A field $K$ is an algebra

Question

I learned this definition of an algebra recently. The definition is:

A vectorspace $V$ over a field $K$ is is an algebra if there exists $K$-bilineair map $\varphi\colon V\times V\rightarrow V$ which is also associative.

Now I wanted to check why we can take $V=K$ as a vectorspace and that this becomes an algebra over $K$. I thought the obvious map $\varphi$ must be just multiplying. So if $(x_1,x_2)\in K\times K$ then $\varphi(x_1,x_2)=x_1x_2$. But this is not $K$-bilineair because if $\alpha\in K$ then $\varphi(\alpha(x_1,x_2)=\varphi(\alpha x_1,\alpha x_2)=\alpha^2x_1x_2\neq \alpha x_1x_2=\alpha\varphi(x_1,x_2)$.

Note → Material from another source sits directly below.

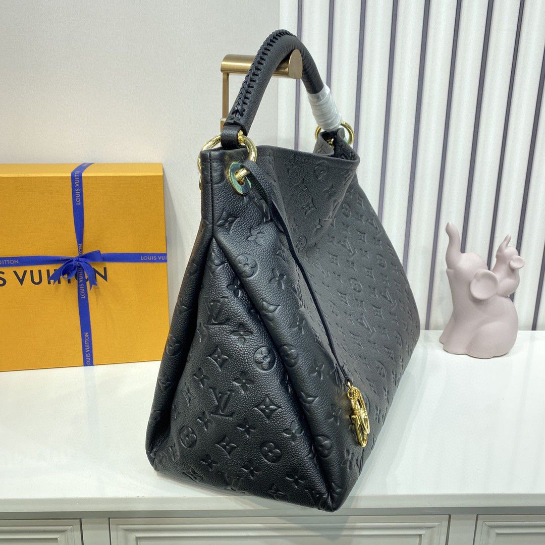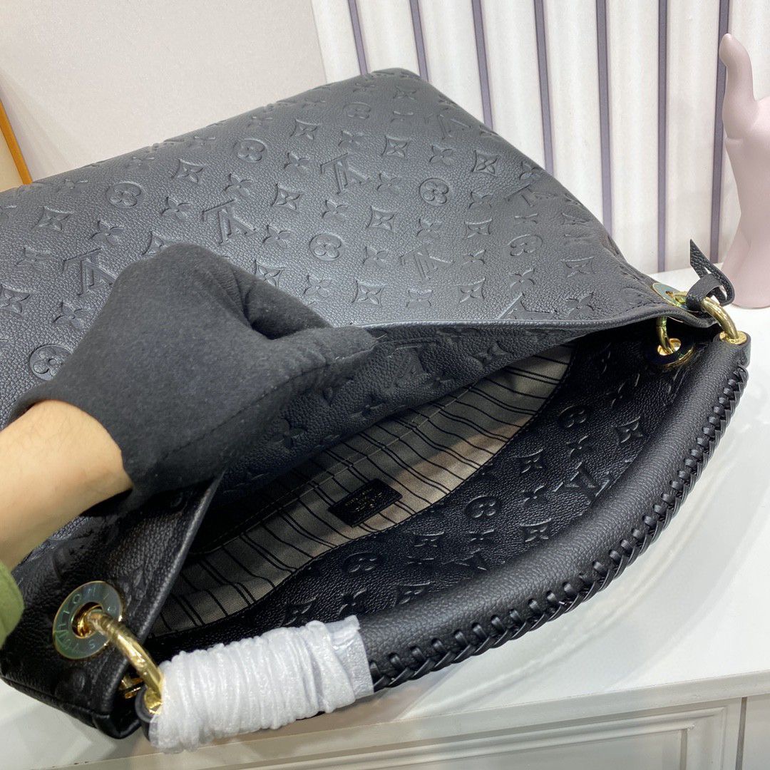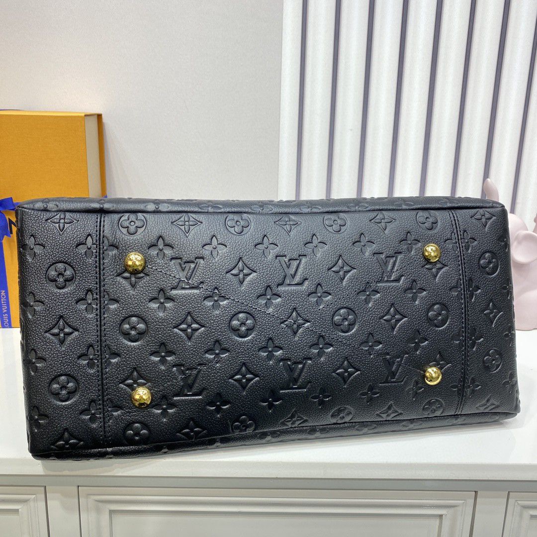 41.0 x 32.0 x 22.0 CM(Length x heightx width ) •Embossed calf leather with smooth leather trimmings•Louis Vuitton engraved eyelets, rings and bag charm•1 interior long zipped pocket and 6 patch pockets•D•ring for keys and accessories•Bag charm that can be used inside as a key•hanger•striped textile lining•Protective bottom studs

My question is what the multiplication must be if I am wrong here. Thanks.

Answer 1

You have shown that the map is not linear. It is, however, bilinear, because $\varphi(\alpha x_1, \beta x_2) = \alpha \beta \varphi(x_1,x_2)$ and so on.

Answer 2

You've proven that the multiplication in $K$ isn't linear, not that it isn't bilinear.

A map $\phi : K \times K \to K$ is bilinear if $\phi(ax, y) = \phi(x, ay) = a\phi(x, y)$, which multiplication does satisfy, by commutativity and associativity.